----- Material shown -----
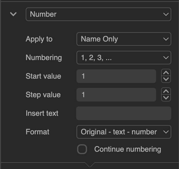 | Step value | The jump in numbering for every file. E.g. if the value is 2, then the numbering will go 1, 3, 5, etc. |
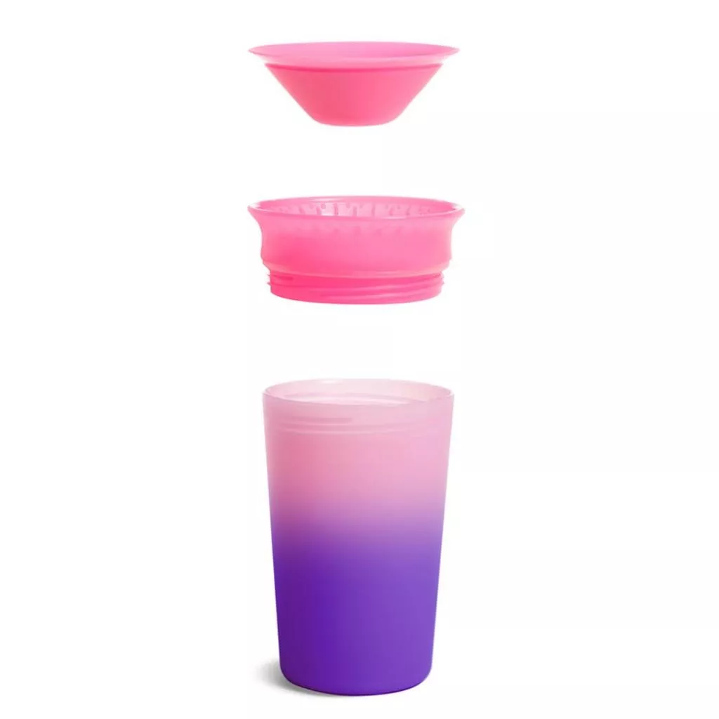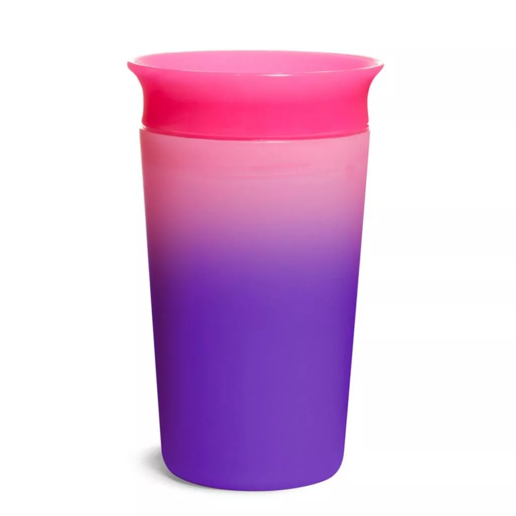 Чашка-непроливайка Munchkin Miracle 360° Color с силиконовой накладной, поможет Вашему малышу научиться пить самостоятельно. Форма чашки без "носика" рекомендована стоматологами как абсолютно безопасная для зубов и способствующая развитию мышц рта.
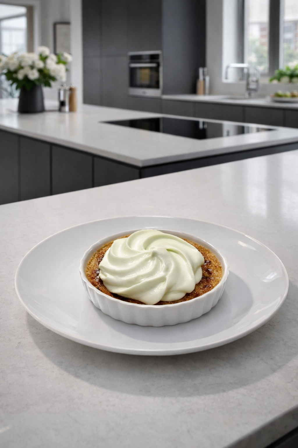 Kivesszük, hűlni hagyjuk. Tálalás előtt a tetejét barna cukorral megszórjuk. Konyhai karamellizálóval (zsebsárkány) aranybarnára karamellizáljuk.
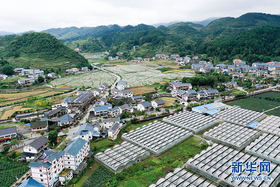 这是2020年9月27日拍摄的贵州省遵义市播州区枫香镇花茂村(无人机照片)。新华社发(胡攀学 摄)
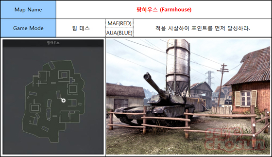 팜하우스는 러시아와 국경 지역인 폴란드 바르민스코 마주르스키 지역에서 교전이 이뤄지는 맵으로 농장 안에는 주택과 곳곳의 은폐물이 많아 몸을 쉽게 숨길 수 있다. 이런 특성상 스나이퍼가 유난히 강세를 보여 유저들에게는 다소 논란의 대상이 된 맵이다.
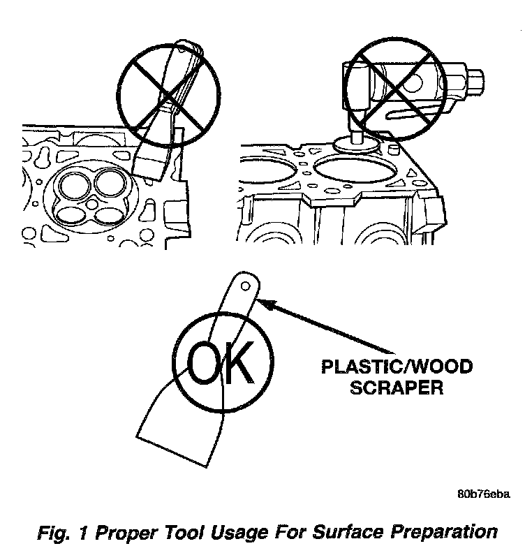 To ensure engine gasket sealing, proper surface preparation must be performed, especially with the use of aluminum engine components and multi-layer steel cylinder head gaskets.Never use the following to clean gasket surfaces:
-----
> **Exercise prompt**: Leave the pictures out and please restate exactly the lines running from the start of the material through the one with "Чашка-непроливайка Munchkin Miracle".

> **Answer below**:
 | Step value | The jump in numbering for every file. E.g. if the value is 2, then the numbering will go 1, 3, 5, etc. |
 Чашка-непроливайка Munchkin Miracle 360° Color с силиконовой накладной, поможет Вашему малышу научиться пить самостоятельно. Форма чашки без "носика" рекомендована стоматологами как абсолютно безопасная для зубов и способствующая развитию мышц рта.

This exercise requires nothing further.